Population Microsimulation¶

Population pyramid

Overview¶

In this example, the input data is a csv file containing a microsynthesised 2011 population of Newcastle generated from UK census data, by area (MSOA), age, gender and ethnicity. The transitions modelled are: ageing, births, deaths and migrations, over a period of 40 years to 2051.

Births, deaths and migrations (applied in that order) are modelled using Monte-Carlo simulation (sampling Poisson processes in various ways) using distributions parameterised by age, sex and ethnicity-specific fertility, mortality and migration rates respectively, which are largely fictitious (but inspired by data from the NewETHPOP[1] project).

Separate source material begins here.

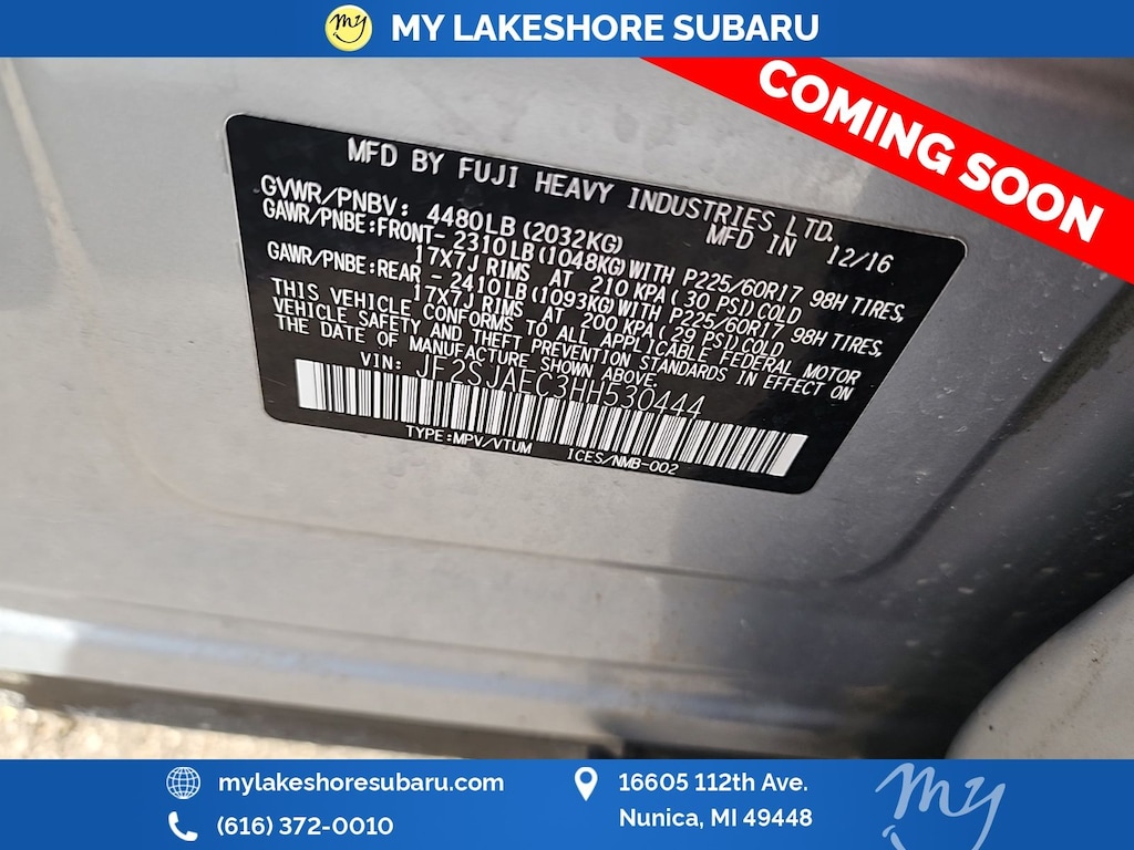 My Lakeshore Subaru is proud to service customer's saving you time & money on any Pre-owned vehicle! See dealer for complete details, dealer is not responsible for pricing errors, all prices, plus tax, title, plate, and doc fees. Serving Nunica and all of our surrounding cities like Norton Shores, Grandville, Greenville, Grand Rapids, Lansing, Kalamazoo, Walker, Comstock Park, Grand Haven, Holland, Wyoming, North Muskegon, Fruitport, Hudsonville, Spring Lake, Wolf Lake, Rockford, Zeeland, Kent City, Sparta, Coopersville, Allendale, Whitehall, and anywhere in the great state of Michigan. Buy from My Lakeshore Subaru in Nunica, MI and you will receive a best-in-class experience. Some of our used vehicles may be subject to unrepaired safety recalls. Check for a vehicle's unrepaired recalls by VIN at http://vinrcl.safercar.gov/vin/.

For the fertility model newborns simply inherit their mother's location and ethnicity, are born aged zero, and have a randomly selected gender (with even probability). The migration model is an 'in-out' model, i.e. it is not a full origin-destination model. Flows are either inward from 'elsewhere' or outward to 'elsewhere'.

People who have died, and outward migrations are simply removed from the population. (In a larger-scale model migrations could be redistributed).

At each timestep the check method computes and displays some summary data:

the time
the size of the population
the mean age of the population
the percentage of the population that are female
the in and out migration numbers

Examples Source Code

The code for all the examples can be obtained by either:

pulling the docker image virgesmith/neworder:latest (more here), or
installing neworder, downloading the source code archive from the neworder releases page and extracting the examples subdirectory.

Setup¶

"""
model.py: Population Microsimulation - births, deaths and migration by age, gender and ethnicity
"""
import time
from datetime import date

import neworder
from population import Population

#neworder.verbose()

# input data
initial_population = "examples/people/E08000021_MSOA11_2011.csv"
# age, gender and ethnicity-specific rates
fertility_rate_data = "examples/people/fertility.csv"
mortality_rate_data = "examples/people/mortality.csv"
in_migration_rate_data = "examples/people/migration-in.csv"
out_migration_rate_data = "examples/people/migration-out.csv"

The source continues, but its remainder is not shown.